● **Instructions for the task**: Output nothing but the lines from the first line of the listing below through the line containing "中燃32轮船长夏戟正在工作中。张亨伟 摄", printed exactly and free of pictures.

Supplied records section start

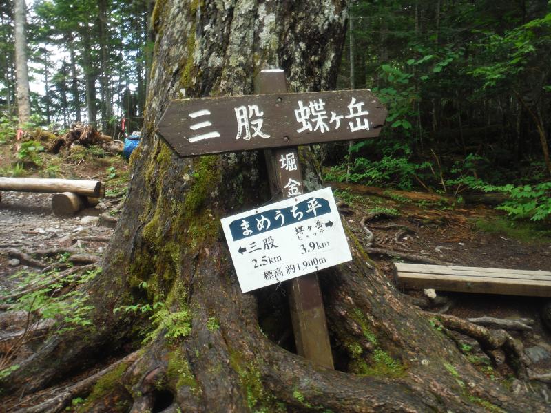 - 三股(1時間30分)まめうち平(2時間)蝶ヶ岳(20分)蝶槍(20分)蝶ヶ岳(1時間)まめうち平(40分)三股
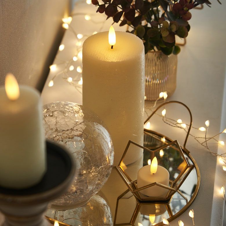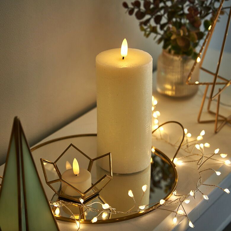 ライトや他のサイズのキャンドルと合わせて、印象的なクリスマスデコレーションに。
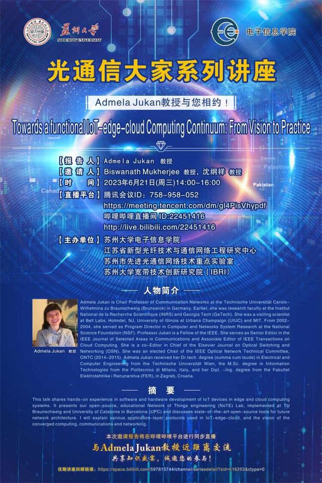 光通信大家系列讲座| Admela Jukan教授与您相约!
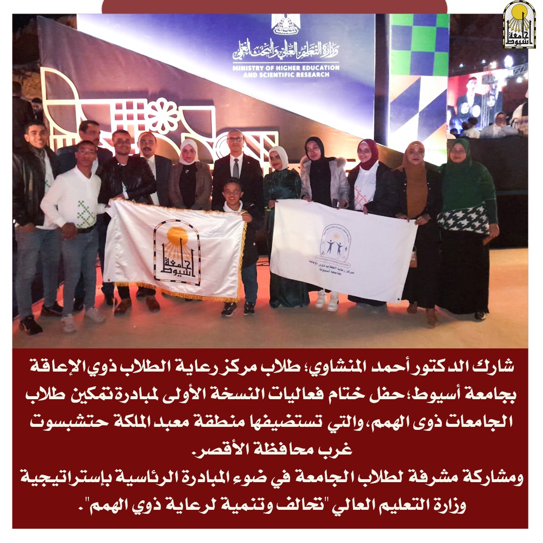 الدكتور المنشاوي يشارك طلاب مركز رعاية الطلاب ذوي الإعاقة بجامعة أسيوط حفل ختام فعاليات النسخة الأولى لمبادرة تمكين طلاب الجامعات ذوى الهمم، بحضور وزير التعليم العالي والبحث العلمي الدكتور محمد أيمن عاشور، والتي تستضيفها منطقة معبد الملكة حتشبسوت غرب محافظة الأقصر.
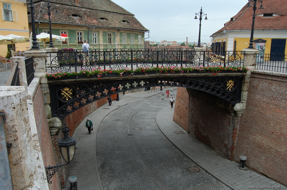 Ein gußeisernes Schmuckstück, ist die Lügenbrücke eines der bekanntesten Wahrzeichen der Stadt. Die 1859 in der Friedrichshütte in Hessen hergestellte Brücke nahm den Platz einer älteren Holzbrücke ein und ist die erste gußeiserne Brücke auf dem Gebiet des heutigen Rumänien. Weil sie auch die erste Brücke war, die nicht auf Pfeilern stand, wurde sie „Liegebrücke" genannt. Von „liegen" zu „Lügen" war es nicht weit; so erhielt sie bald die Bezeichnung „Lügenbrücke", und es begannen sich mancherlei Legenden um diesen Namen zu ranken.
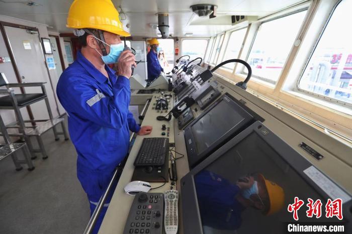 中燃32轮船长夏戟正在工作中。张亨伟 摄
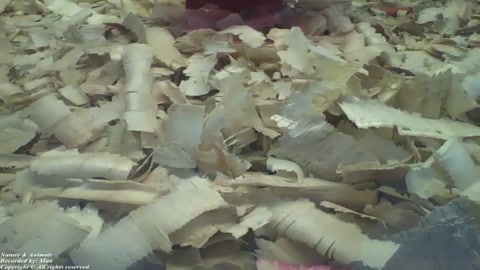 Hamster tries to hide under the wood chips, but was seen in the end [Nature & Animals]
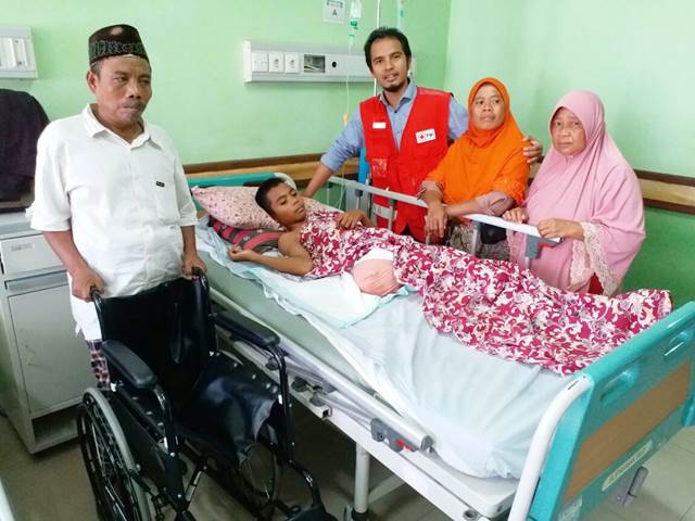 Perhatian PMI dalam upayanya membantu korban gempa terus ditingkatkan dan bersinergi dengan semua pihak. Salah satu yang tak lepas dari perhatian PMI Kabupaten Lombok Utara (KLU) adalah Muis AL Azis, 16 tahun dari Dusun Atas Lendang Desa Nayar Kec. Bayan. Ia adalah salah satu anak yang terkena dampak bencana alam seminggu yang lalu. Saat ini kaki kanan Azis sudah dilakukan amputasi di RSUP NTB. Diketahui, Azis pada saat kejadian gempa berda di lokasi Pelabuhan Cari Bayan sekitar pukul 06.00 Wita. Guncangan gempa mengakibatkan kaki Azis terjepit di pelataran pelabuhan dan harus diamputasi.
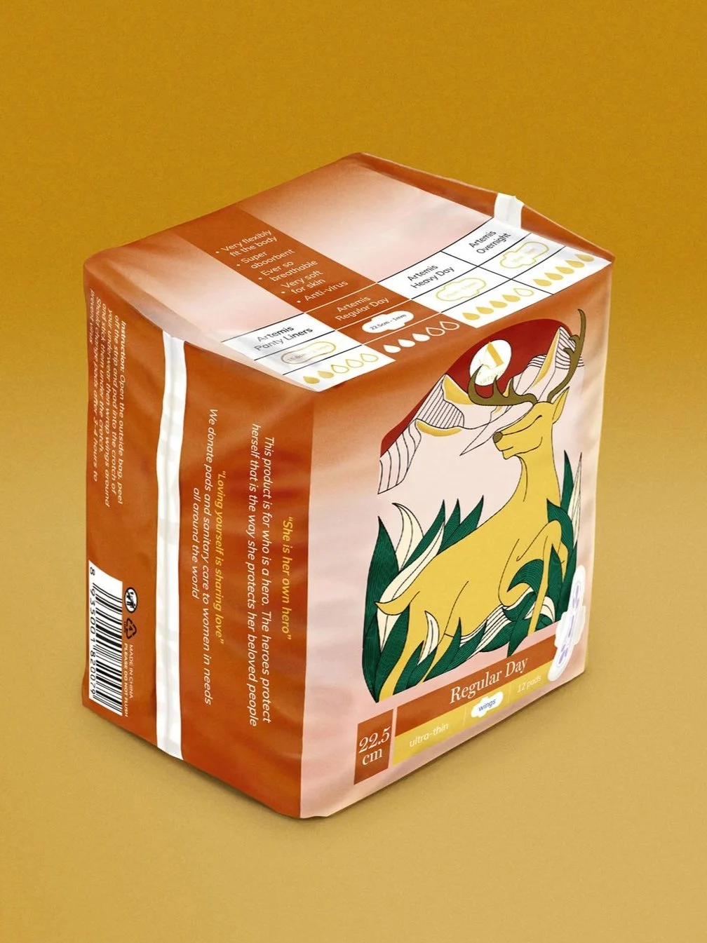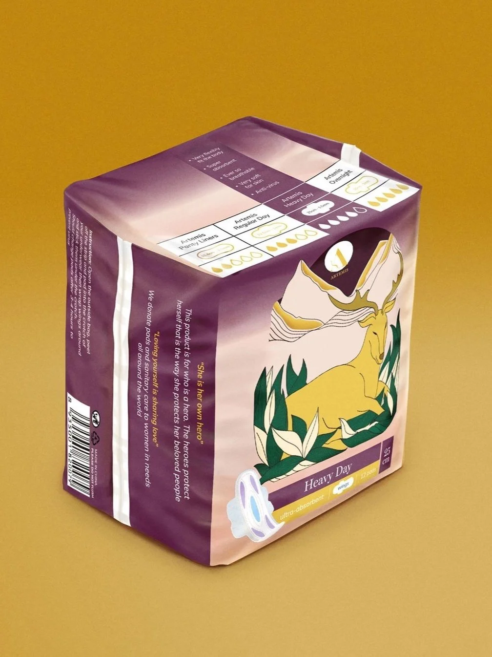 Artemis is a feminist brand producing high quality sanitary pads. As the name implies, Artemis’s mission is to protect women. They donate pads to women in need and educate them in sanitary care.

Supplied records section end

● **Result below**:
 - 三股(1時間30分)まめうち平(2時間)蝶ヶ岳(20分)蝶槍(20分)蝶ヶ岳(1時間)まめうち平(40分)三股
 ライトや他のサイズのキャンドルと合わせて、印象的なクリスマスデコレーションに。
 光通信大家系列讲座| Admela Jukan教授与您相约!
 الدكتور المنشاوي يشارك طلاب مركز رعاية الطلاب ذوي الإعاقة بجامعة أسيوط حفل ختام فعاليات النسخة الأولى لمبادرة تمكين طلاب الجامعات ذوى الهمم، بحضور وزير التعليم العالي والبحث العلمي الدكتور محمد أيمن عاشور، والتي تستضيفها منطقة معبد الملكة حتشبسوت غرب محافظة الأقصر.
 Ein gußeisernes Schmuckstück, ist die Lügenbrücke eines der bekanntesten Wahrzeichen der Stadt. Die 1859 in der Friedrichshütte in Hessen hergestellte Brücke nahm den Platz einer älteren Holzbrücke ein und ist die erste gußeiserne Brücke auf dem Gebiet des heutigen Rumänien. Weil sie auch die erste Brücke war, die nicht auf Pfeilern stand, wurde sie „Liegebrücke" genannt. Von „liegen" zu „Lügen" war es nicht weit; so erhielt sie bald die Bezeichnung „Lügenbrücke", und es begannen sich mancherlei Legenden um diesen Namen zu ranken.
 中燃32轮船长夏戟正在工作中。张亨伟 摄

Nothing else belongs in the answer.